Abstract

In this paper, the fluid flow and heat transfer of liquid cooled foam heat sinks (FHSs) were experimentally investigated. Eight Open-celled copper foam materials with two pore densities of 60 and 100 PPI (pores per inch) and four porosities varying from 0.6 to 0.9 were bonded onto copper base plates to form the FHSs, which were then assembled on flip chip BGA packages (FBGAs) with a common thermal grease as the thermal interface material. A liquid cooling test loop was established to obtain the pressure drops and overall thermal resistances. For the four 60 PPI FHSs, the one with the lowest porosity of 0.6 is found to possess the lowest thermal resistance level with the largest pressure drop. Generally the FHSs with 100 PPI had slightly lower thermal resistances at the same flowrates but much larger pressure drops than those with 60 PPI. In the overall performance assessment, the thermal resistances of the FHSs are plotted against the pressure drop and the pump power, together with a microchannel heat sink of similar unit cell scale and structural dimensions.
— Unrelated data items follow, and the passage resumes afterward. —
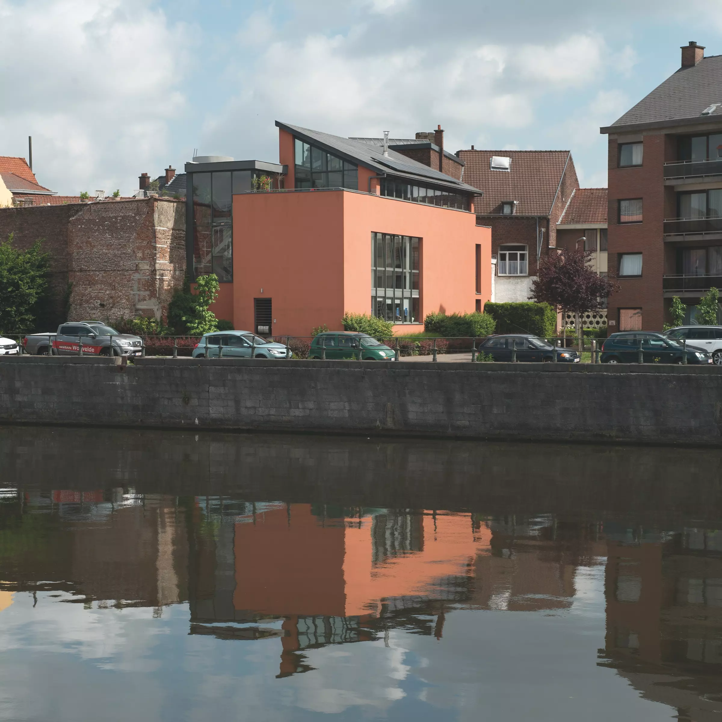 Le projet se niche au cœur d'un îlot d'habitats et de bâtiments industriels hétéroclites, des XIXe et XXe siècles, en partie déstructuré par la rectification des quais de l'Escaut en 1964. Créée en 1992, l'école « Danse et Compagnie » se sent rapidement à l'étroit dans les anciens établissements des « Cafés Hivre ». En 2002, l'architecte Béthume conçoit, à la place d'entrepôts vétustes, une extension du centre sur deux niveaux (salle de danse, atelier de confection des costumes), avec un appartement privatif au dernier étage. L'originalité de cette annexe repose sur sa forte muralité, le jeu de pleins et de vides, les décrochements et l'étagement des volumes imbriqués, ménageant plusieurs terrasses à leur sommet, dispositifs atypiques dans ce quartier historique de Tournai, mais pourtant bien intégrés. Les façades, dépouillées, mais colorées, sont percées de larges verrières tournées vers l'Escaut. Une annexe basse, prévue côté quai, non réalisée, aurait permis de fondre encore davantage les volumes dans le bâti existant.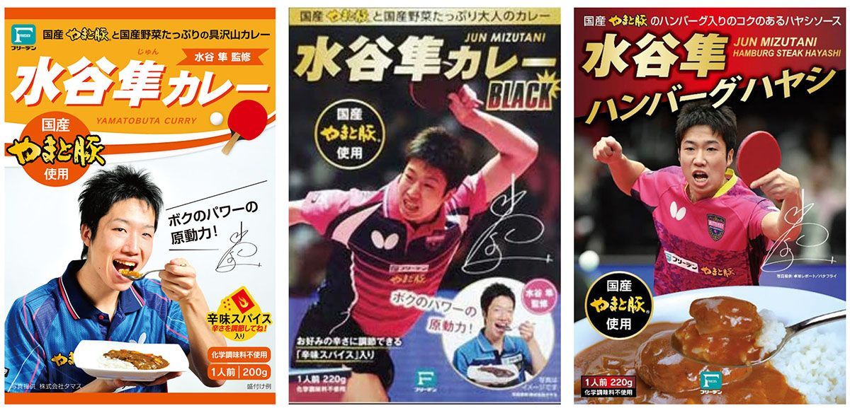 左から水谷隼カレー、水谷隼ブラックカレー、水谷隼ハンバーグハヤシ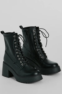 You'll be looking tough girl chic all season in these faux leather combat booties perfect for adventures downtown or concerts! These boots are designed with a round toe and lace-up placket for a classic combat style and a platform lug sole and block heel provide both style and stability, making these boots perfect for all-day wear. Elevate your style game with these fierce and functional booties by pairing them with an edgy crop jacket.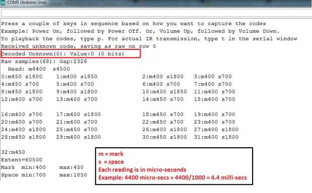 - Si IRLib no entiende el presente Protocolo, el receptor IR capturará el crudas secuencias de marcas y espacios, pero no se puede leer el código de protocolo de señal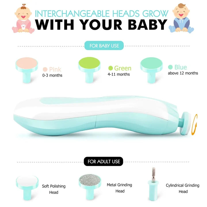 Versatile tools: the baby nail file comes with 3 cushioned safe grinding heads for babies and children, as well as 3 attachments for adult use.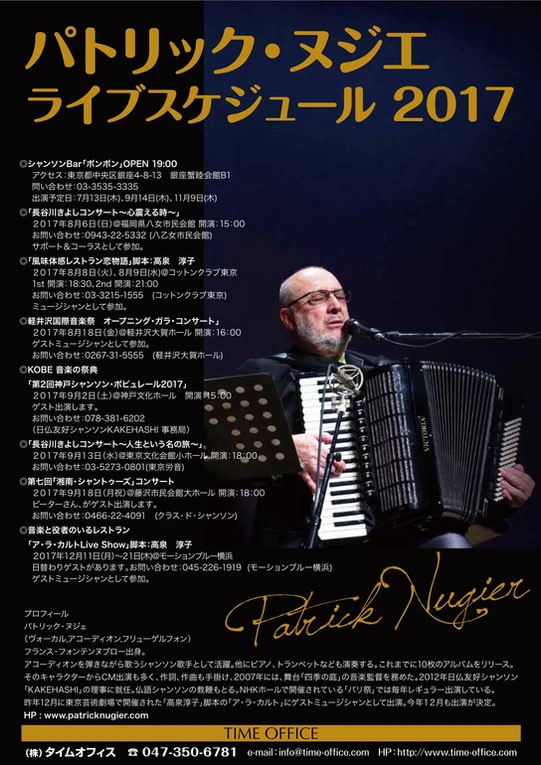 2005年、初めて台詞があるお芝居に挑戦。青山円形劇場の「アラカルト」にゲスト出演。2007年「四季の庭」の音楽監督と奏者を務める。加藤和彦&坂崎幸之助のユニット「KAZUKOH」のコンサートで「イムジン河」をフランス語で歌い、好評を博す。NHKホールでのパリ祭コンサートには毎年レギュラー出演をしている。2015年福島にて「フランス音楽とシャンソンの歴史」のフォーラムに出演。2016年2月 高泉淳子の書き下ろし”ピアフが残した愛の言葉”リーディングライブを開催。女性歌手AnneLiseをフランスから招き共演。2016年は「ミラボー橋」をロックアレンジで歌い好評を博す。

The thermal resistances of the FHS with a porosity of 0.8 and pore density of 60 PPI were identified to be the lowest among all the FHSs, which outperformed the microchannel heat sink at large pressure drop and pump power. The reduced heat sink thermal resistance and Nusselt numbers for the present FHSs and microchannel heat sink are also presented and compared with the FHS reported in the literature.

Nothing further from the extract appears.